PESCARA . Sono stati 138 i tavoli di crisi aperti al Ministero dello sviluppo economico nel 2018, con circa 210 mila dipendenti coinvolti (senza contare l’indotto). E anche l’Abruzzo ha contributo ad...

PESCARA . Sono stati 138 i tavoli di crisi aperti al Ministero dello sviluppo economico nel 2018, con circa 210 mila dipendenti coinvolti (senza contare l’indotto). E anche l’Abruzzo ha contributo ad alimentare i tavoli di crisi. Tra la Honeywell, la Ball, la LFoundry di Avezzano, la Selta di Tortoreto, la Intecs dell’Aquila, sono state diverse le vertenze che hanno caratterizzato il 2018. Situazioni di difficoltà che ormai caratterizzano molti settori dalla siderurgia all’agroalimentare, con le crescenti difficoltà della grande distribuzione organizzata. Crisi che non conoscono pause e sulle quali si tornerà a lavorare subito dopo le festività con un calendario degli appuntamenti al Mise già pieno fino al 20 gennaio.
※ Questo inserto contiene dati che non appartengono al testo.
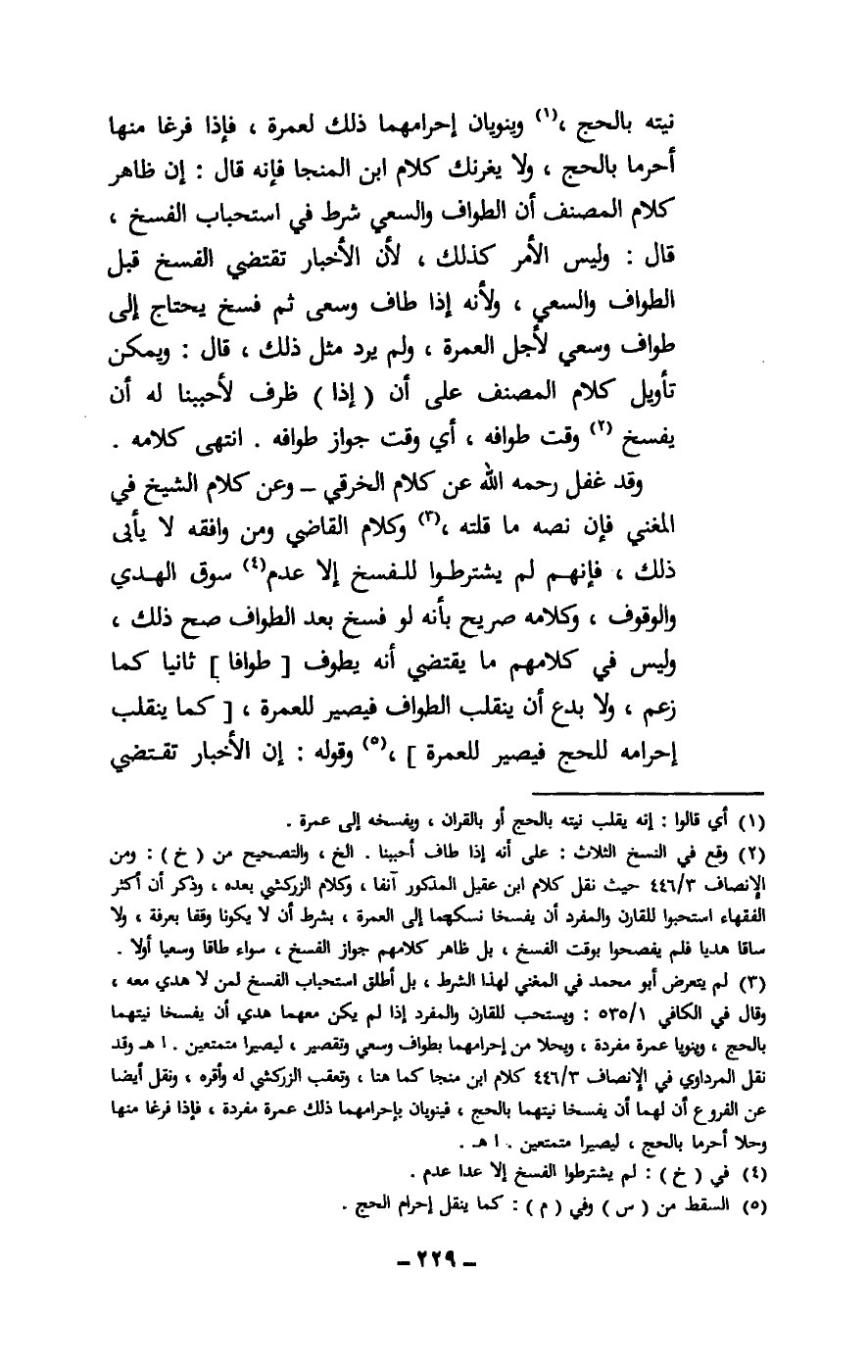 وقد غفل - رَحِمَهُ اللَّهُ - عن كلام الخرقي - وعن كلام الشيخ في المغني فإن نصه ما قلته، وكلام القاضي ومن وافقه لا يأبى ذلك، فإنهم لم يشترطوا للفسخ إلا عدم سوق الهدي والوقوف، وكلامه صريح بأنه لو فسخ بعد الطواف صح ذلك، وليس في كلامهم ما يقتضي أنه يطوف [طوافا] ثانيا كما زعم، ولا بدع أن ينقلب الطواف فيصير للعمرة، [كما ينقلب إحرامه للحج فيصير للعمرة] ، وقوله: إن الأخبار تقتضي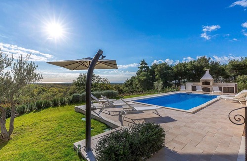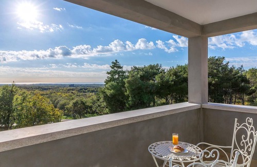 Take a break from your stressful everyday life in this charming, rustic villa for 8 people with a view of the hills and the sea. Start your well-deserved holiday with a dip in the private pool or read a book on the sun loungers under the parasol. The spacious covered terrace is the perfect place to enjoy meals prepared on the outdoor barbecue or in the fully equipped kitchen. On the ground floor, the kitchen, dining room and living room form a spacious open-plan area that is directly connected to the terrace by glass doors. A special addition to the living room is the fireplace, which creates a special atmosphere in the winter or summer months. Despite its rustic exterior, this special villa is equipped with all the amenities necessary for modern living - it is fully air-conditioned and has underfloor heating throughout the house. For added comfort, especially for families with children, there is also a spacious bedroom with en-suite bathroom and an additional separate WC on the ground floor.

In Abruzzo si sta risolvendo positivamente una delle crisi che hanno caratterizzato il 2018, quella della Honeywell di Atessa: la vertenza sembra infatti ormai ben avviata, con l’acquisizione dello stabilimento da parte di Baomarc Automotive Solutions, azienda leader nel campo della siderurgia, con un investimento da 1,85 milioni e il reinserimento di 162 lavoratori. Le cose sembravano andare malissimo anche per la Ball, la fabbrica di San Martino sulla Marrucina che produce lattine, e che aveva manifestato l’intnezione di licenziare, a Natale, i 70 lavoratori. Si è fatta avanti la a Forge Centro Sud, la ditta di stampaggio che ha sede nella zona industriale di Campotrino, proprio accanto alla Ball, che ha detto di essere interessata ad acquisire il sito industriale. L’obiettivo dei sindacati e delle istituzioni, è la rendustrializzazione dell’area grazia a un accordo firmato pochi giorni fa che consentirà all’acquirente, di ottenere a prezzi bassi il sito, purché riassuma le 70 maestranze.